Default Model: Your preferred model
Purpose: Analyzes input and creates structured execution plans
Output: Task breakdown with difficulty classification (easy/medium/hard)
Responsibilities:
- Parse user intent
- Decompose complex requests into atomic tasks
- Assign difficulty levels
- Define execution order and dependencies

2. Task/TODO System

Acts as an intelligent task manager that:

Categorizes tasks by type (coding vs. non-coding)
Routes tasks to appropriate models based on complexity
Tracks task progress and status
Manages task dependencies and execution order
Records task completion and outcomes

Task Difficulty Matrix:

Difficulty	Model	Use Cases
Easy	`Your preferred model`	Simple queries, formatting, basic operations
Medium	`Your preferred model`	Moderate complexity, code refactoring, analysis
Hard	`Your preferred model`	Complex reasoning, architecture design, advanced coding

3. Vector Embeddings & Rerank System

The Vector Embeddings & Rerank system provides intelligent context retrieval from user projects by:

Purpose: Converts user project files, code, and documentation into semantic vectors for intelligent retrieval
Scope: Separate from Memory System - focuses on user's project content, not knox-ms internal state
Components:
- Embedding Generation: Processes user project files into vector embeddings
- Vector Store: Stores embeddings with metadata (file paths, timestamps, types)
- Semantic Search: Retrieves relevant project context based on user query
- Rerank Engine: Re-orders search results by relevance using advanced ranking algorithms

Vector Embeddings Pipeline:

Indexing Phase (on-demand or background):
```
User Project Files → Chunking → VoyageAI Embedding API → Vector Store
```
- Supported file types: .rs, .py, .js, .ts, .md, .json, .yaml, etc.
- Chunk size: 2048 tokens with overlap
- Embedding models: voyage-3.5 (general) or voyage-code-3 (code-focused projects)
- API: VoyageAI Embeddings API
Retrieval Phase (per request):
```
User Query → VoyageAI Query Embedding → Semantic Search → Top-K Results → VoyageAI Rerank → Final Context
```
- Top-K: 20-50 candidates from vector search
- Rerank model: rerank-2.5 (VoyageAI)
- Final selection: Top 5-10 most relevant chunks

Integration with Knox-MS:

Feeds relevant project context to Plan Model for better task decomposition
Provides code examples and patterns for Code Model Selection
Keeps project-specific knowledge separate from knox-ms internal memory

Storage Structure:

KSS://knox-ms-vectors/
├── projects/
│   ├── {project_id}/
│   │   ├── metadata.json       # File index and metadata
│   │   ├── chunks/
│   │   │   ├── file_{hash}.json  # Chunked content with embeddings
│   │   └── index/
│   │       └── stats.json      # Indexing statistics
│   └── cache/
│       └── queries/            # Cached query results

4. Memory System

The Memory System is the brain of knox-ms - providing truly unlimited context through intelligent, dynamic memory management:

Core Concept: Human-Like Memory

Just as human brains don't store every detail but organize and update memories based on relevance, knox-ms Memory System:

Persistent Storage: KSS-based tree-structured filesystem for unlimited storage
Dynamic CRUD Operations: Continuously Creates, Reads, Updates, and Deletes memory based on task execution
Intelligent Organization: Automatically structures information hierarchically
Context-Aware Loading: Loads only relevant memory into LLM context cache
Self-Optimizing: Summarizes, compresses, and reorganizes memory to maintain efficiency

Memory vs.

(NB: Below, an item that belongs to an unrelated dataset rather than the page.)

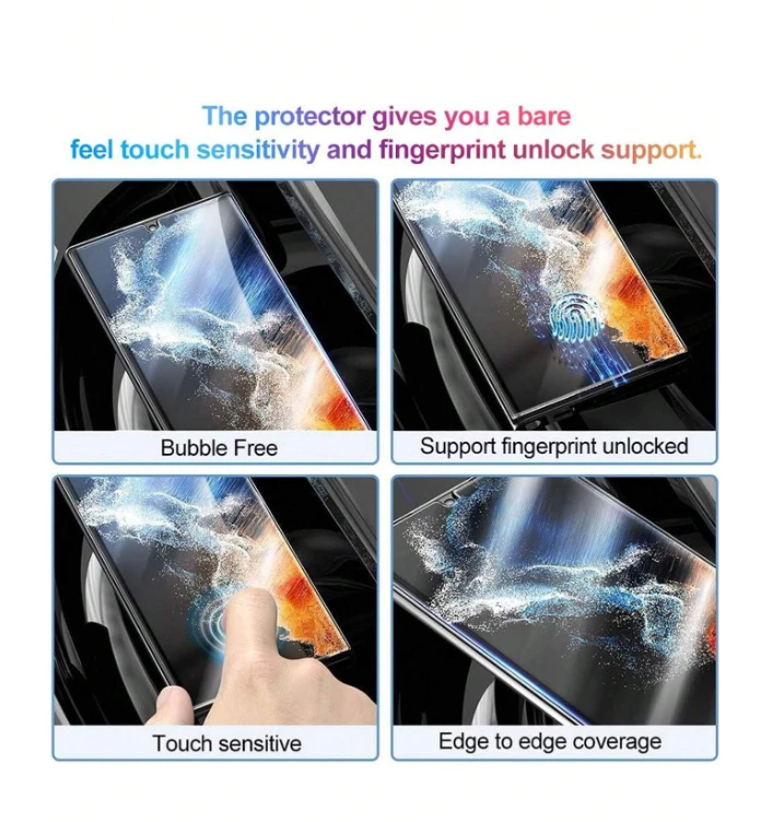 Introducing our 2 Pcs Full Cover Soft Hydrogel Film, meticulously designed to perfectly complement your Samsung Galaxy device. Unlike traditional tempered glass protectors, these hydrogel films provide an ultra-thin yet robust shield for your phone's screen. Crafted with precision, these films ensure full coverage, maintaining the sleek aesthetics of your Samsung Galaxy while offering exceptional protection against scratches, smudges, and minor impacts.

Context Cache vs. Vector Embeddings

Component	Purpose	Scope	Persistence
Memory System (Brain)	Core intelligence, session history, learned patterns	Knox-ms internal state	Permanent (KSS)
LLM Context Cache	Working memory for current task execution	Current request/task context	Temporary (per request)
Vector Embeddings (Tool)	Retrieve user project information	User's codebase/docs	Permanent (KSS)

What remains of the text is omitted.